Democracy and Right to Freedom of Expression: A Case Study on the Nigerian Youth Protest on Police Brutality
Published: 1 January 2021
Open Journal of Political Science , Volume 11, pp 34-53; doi:10.4236/ojps.2021.111004
Abstract: It is stated that both under the constitution of Nigeria and under the African Charter on Human People’s Rights, persons in any part of Nigeria have the fundamental human right to privately and publicly freely express their disproval or objection over an issue through a protest any time or day. In history, protests have often inspired positive social change and improved protection of human rights, and they continue to help define and protect civic space in all parts of the world. In a democratic Nation like Nigeria, Protests encourage the development of an engaged and informed citizenry and strengthen representative democracy by enabling direct participation in public affairs.
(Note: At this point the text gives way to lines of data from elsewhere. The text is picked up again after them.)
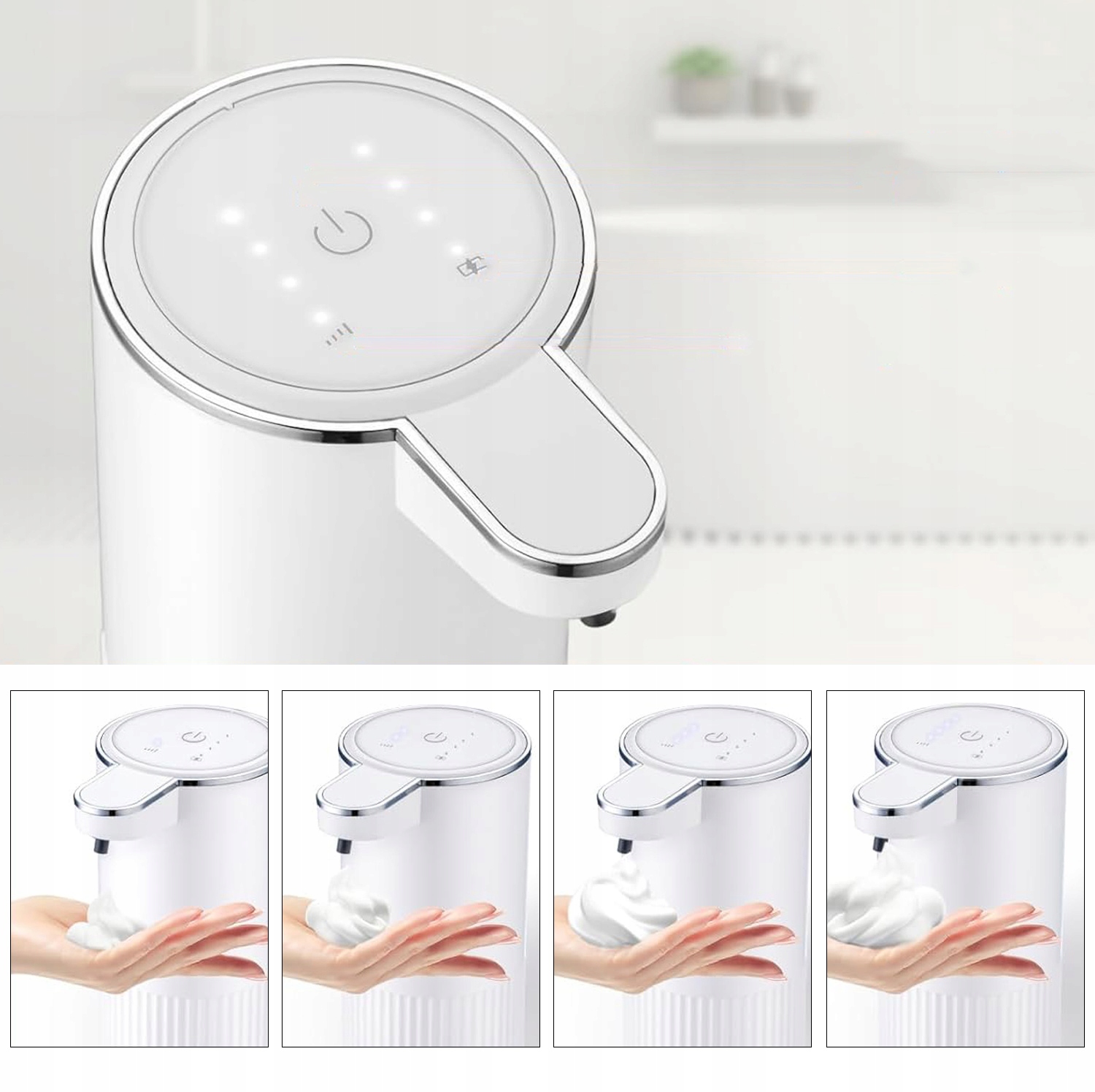 - Dotknij przycisku na górze, aby wybrać jedną z 4 różnych ilości mydła, odpowiednich do różnych potrzeb związanych z czyszczeniem. Poziom 1 służy do codziennego mycia rąk, a poziom 4 do usuwania plam. Wybrany poziom można zawsze sprawdzić po liczbie włączonych świateł.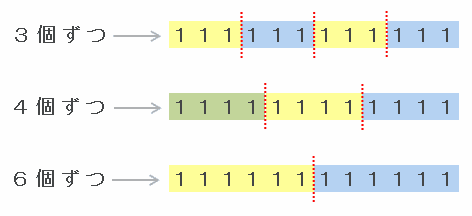 12個並んだ「1」を次の図のように4個ずつ分けた場合、6個ずつ分けた場合についても同じように考えてみると、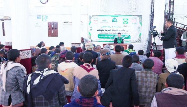 وخلال الفعالية، شدد مدير مكتب الهيئة العامة للأوقاف عبدالله محمد الجرموزي، أهمية إحياء ذكرى المولد النبوي، للتأكيد على علاقة الشعب اليمني برسول الرحمة صلوات الله عليه وعلى آله وسلم.

They enable individuals and groups to express dissent and grievances, to share views and opinions, to expose flaws in governance and to publicly demand that the authorities and other powerful entities solve problems and are accountable for their actions as seen in the case of the Nigeria Youths protest on police brutality. Yet governments around the world too often treat protests as either an inconvenience to be controlled or a threat to be extinguished. In a democratic Nation, the right to freedom of expression which could come through peaceful protests, involves the exercise of numerous fundamental human rights, and it is essential for securing all human rights, which the citizens should not be denied off by any person in power.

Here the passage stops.